Similarly, some experts have suggested using intradermal immunization rather than the traditional intramuscular or subcutaneous route.5 Although that option seems promising, the limited studies that have been conducted included no comparison between intradermal and conventional subcutaneous immunization with the same dose of vaccine. Moreover, these studies have involved vaccine from only two of the six manufacturers.
A third approach is to shift manufacturing from embryonated chicken eggs to a continuous cell line. This possibility proved unsuccessful when it was investigated in the 1980s, but cell-culture technology has greatly improved in the past 30 years. Notably, Sanofi Pasteur manufactures its chimeric yellow fever 17D-dengue (Dengvaxia) and chimeric yellow fever 17D-Japanese encephalitis (Imojev) vaccines in monkey kidney Vero cells, which suggests that Vero cells could be used to manufacture 17D vaccine. Of course, the immunogenicity and safety profile of such a Vero-cell–derived vaccine would need to be compared with that of currently licensed egg-derived vaccines.
Finally, there have been no systematic studies investigating the genome sequences of wild-type yellow fever virus strains from outbreaks to elucidate the evolution of the virus and help model the potential for outbreaks. There are 40 genomic sequences of wild-type yellow fever virus isolates in GenBank, of which 12 are from Brazil and 14 from Senegal, though the virus is currently found in 44 other countries. We still have much to learn about wild-type yellow fever virus.

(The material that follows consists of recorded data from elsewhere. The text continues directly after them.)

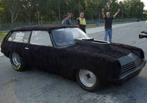was a Vega station wagon covered in Long brown hair looking material all over it.. Quick machine as well...
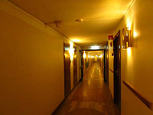 В холле, на первом этаже был небольшой магазинчик. Стойка с прессой, кофе-автоматом, холодильником, где можно было купить бутерброды и салаты и предметы первой необходимости. Цены не особо выше, чем на те же предметы в городе.
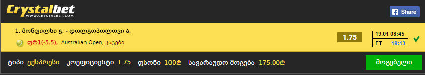 ანგარიში ნახეთ მონფილსი - დოლგოპოლოვი 6-3 6-4 1-6 და 6-0 მინდოდა მხოლოდ და დასვა ძმამ
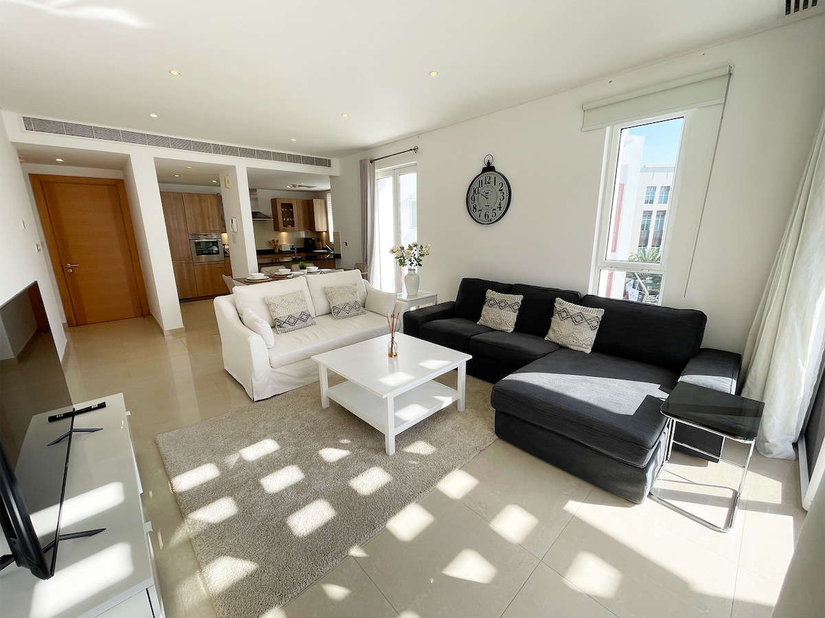 This modern stylish one-bedroom apartment is ideally situated on the Muscat Al Mouj, with breathtaking sea & pool view. ——The Space—— Quiet, clean and peaceful with new and modern furniture's make it perfect for relaxation and enjoyment. Swimming pools, Gym, Kids play area, access to the beach, marina, coffee shops and fine restaurants in and outdoor within the area. Relax fully with top-notch amenities (75” TV, high-speed WiFi, hotel-quality linens and towels,Coffee) right on your fingertips!
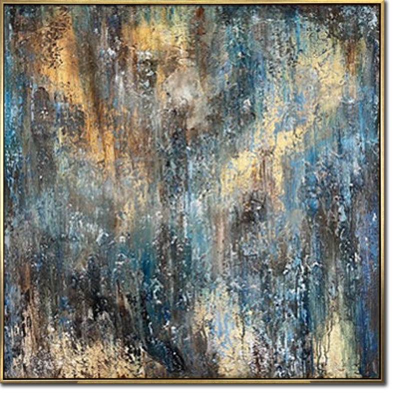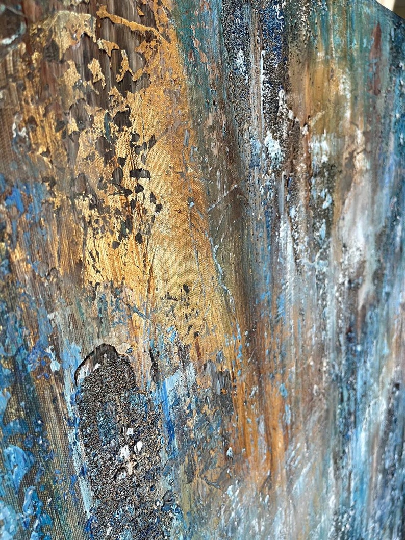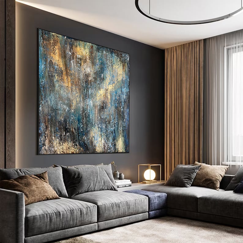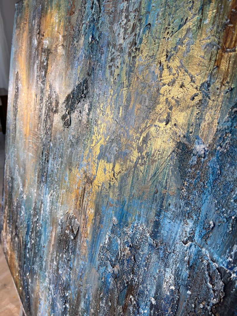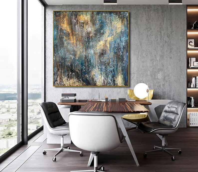Abstrakt tekstureret vægkunstmaleri blå og gyldne nuancer på lærred trendy vægkunst stort oliemaleri originalt maleri kontorvægdekoration
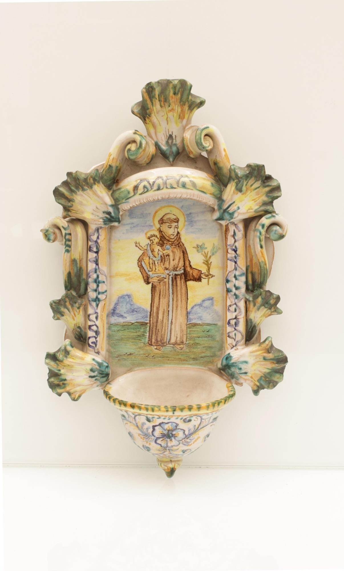 Manifattura di Ariano Arpino. Acquasantiera in maiolica decorata con l'immagne di Sant'Antonio Abate e il Bambin Gesù
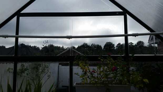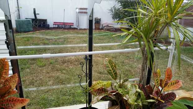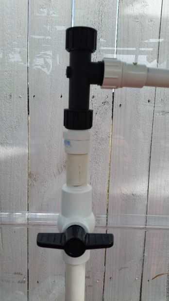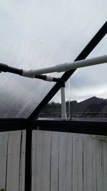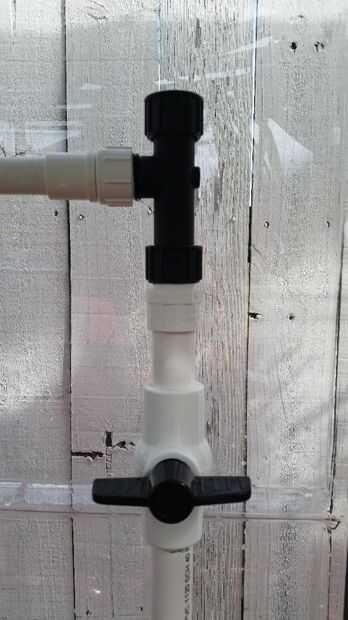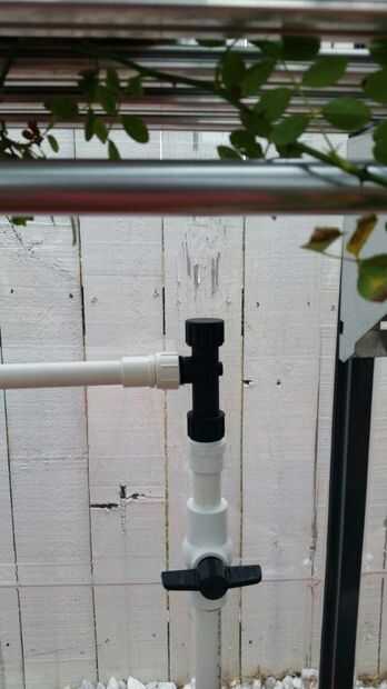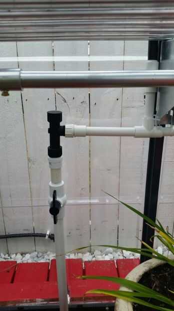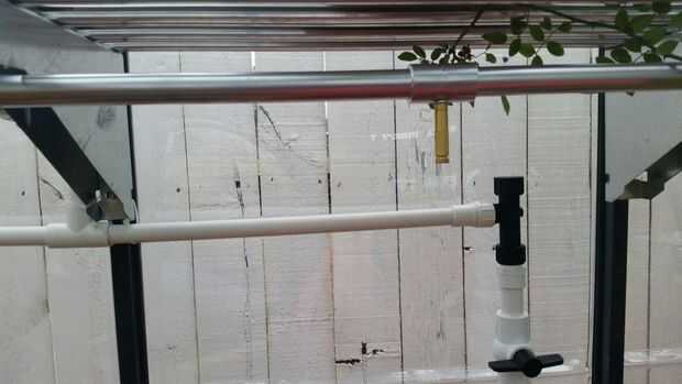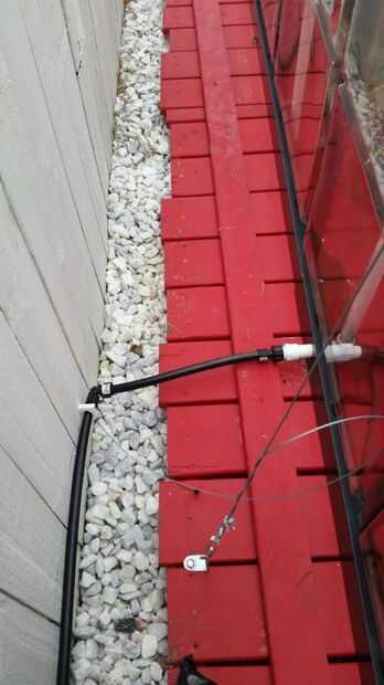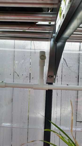 La próxima actualización es el sistema de niebla dentro del invernadero. Compramos el sistema de niebla de Ártico Cove para utilizar como un sistema de riego en el invernadero. No queremos mucha agua se derramó sobre las plantas que se podrían obtener en un sistema de riego regular. El kit de niebla viene con tubos de 1/2 pulgadas PVC, cabezas 6 niebla, codos, uniones, soportes, PVC pegamento, filtro y adaptador de manguera. Usé un total de cuatro kits principalmente para las cabezas de niebla como que es más barato comprar el kit que sólo los jefes solos. También compré dos pie 10 piezas de 1/2 pulgadas PVC tubería para los funcionamientos largos, que tuve que hacer en las esquinas. Había utilizado dos de los soportes de montaje para el exterior del invernadero y una lata de cemento puesto que ya tenía una lata en mano. Primero saqué lo que quería en el papel y luego el sistema viene del sistema de riego existente. Yo tenía la línea de 3/4 de pulgada PVC viene de los aspersores de césped que era buena para el tiempo de verano pero luego necesito para el invierno. He utilizado las piezas del kit Sr. Sprinkler había a la izquierda del último proyecto de riego de años y utiliza como mi fuente de agua secundarios de efecto invernadero para todo el sistema de temporada. Puse a la izquierda para toda la temporada y el lado derecho para el verano. Utilicé dos filtros de agua que viene en los kits, uno para cada lado y también cerrar las válvulas una a cada lado que compré de Lowe. Ambos sistemas funcionan en un tubo de solo 1/2 pulgadas PVC que provee el sistema entero. Toda la temporada fue correr hacia la parte posterior del invernadero y enganchado en el sistema de Sprinkler Sr. como se muestra en la imagen y también el final de la presentación. Todas las tuberías de PVC para el sistema de niebla todo primero fue cortar y poner en su lugar sin cementación. Esto asegurar un buen ajuste y si los ajustes tuvieron que ser hechas pude hacerlo.
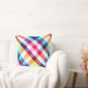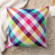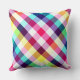 Um travesseiro decorativo de 20" x 20" com um padrão de xadrez colorido design em cores arco-íris.
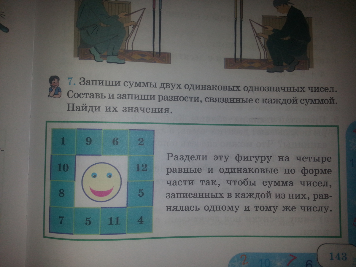 представь что это просто квадрат. раздели его на 4 части крест на крест. один квадратик - это частичка смайлика. 3 другие это цифры. в каждом квадратике сумма цыфр состевляет 20
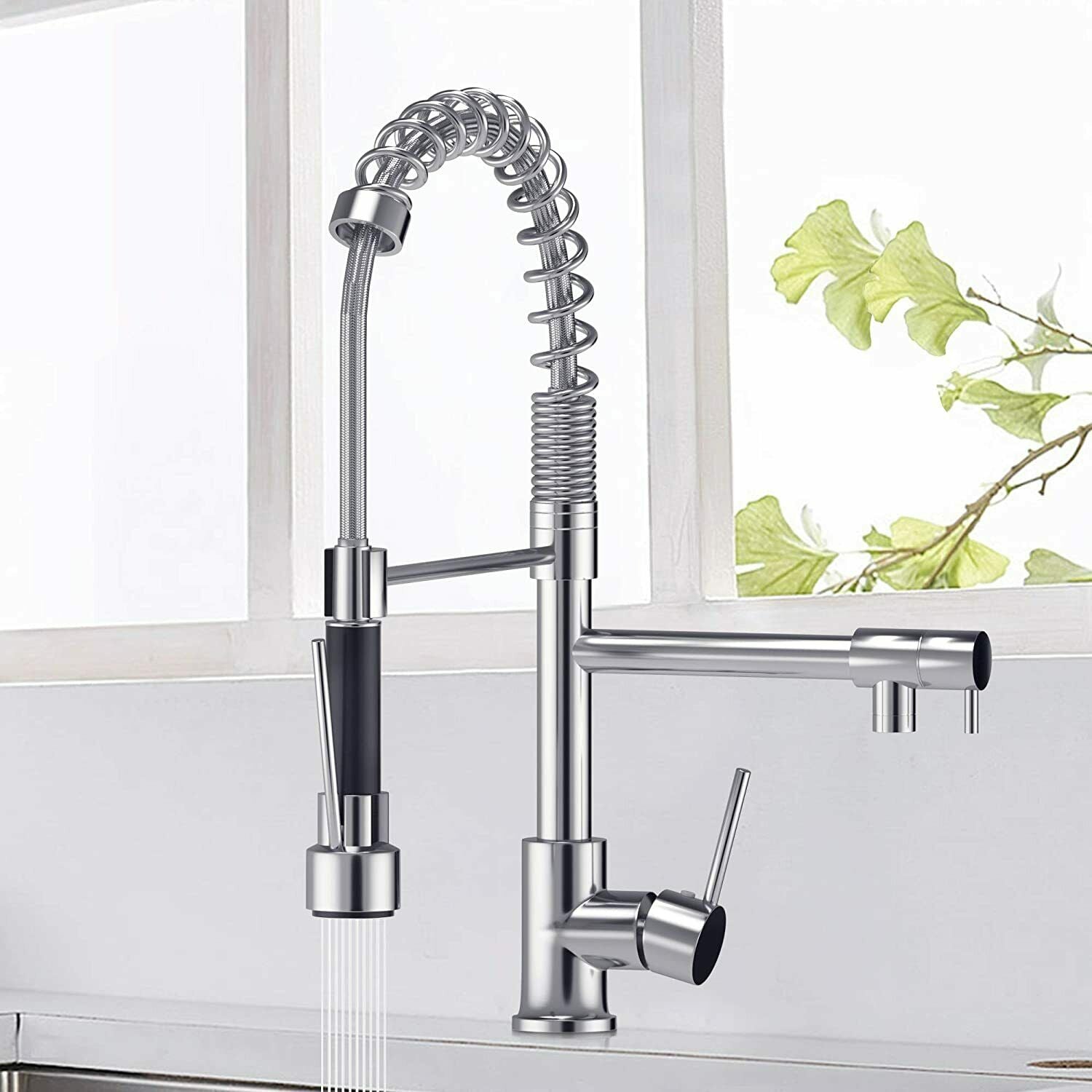 Modern Mono Pull Out Twin Kitchen Mixer Tap Dual Spout Spray Single Lever Chrome

In the short term, there will be difficulties in ensuring that sufficient vaccine is available to fight this major public health problem, but we have the opportunity to avoid vaccine shortfalls in the future. Toward that end, the WHO periodically reviews “Recommendations to Assure the Quality, Safety and Efficacy of Live Attenuated Yellow Fever Vaccines.” Now may be the time to revisit these requirements, which were last reviewed in 2010.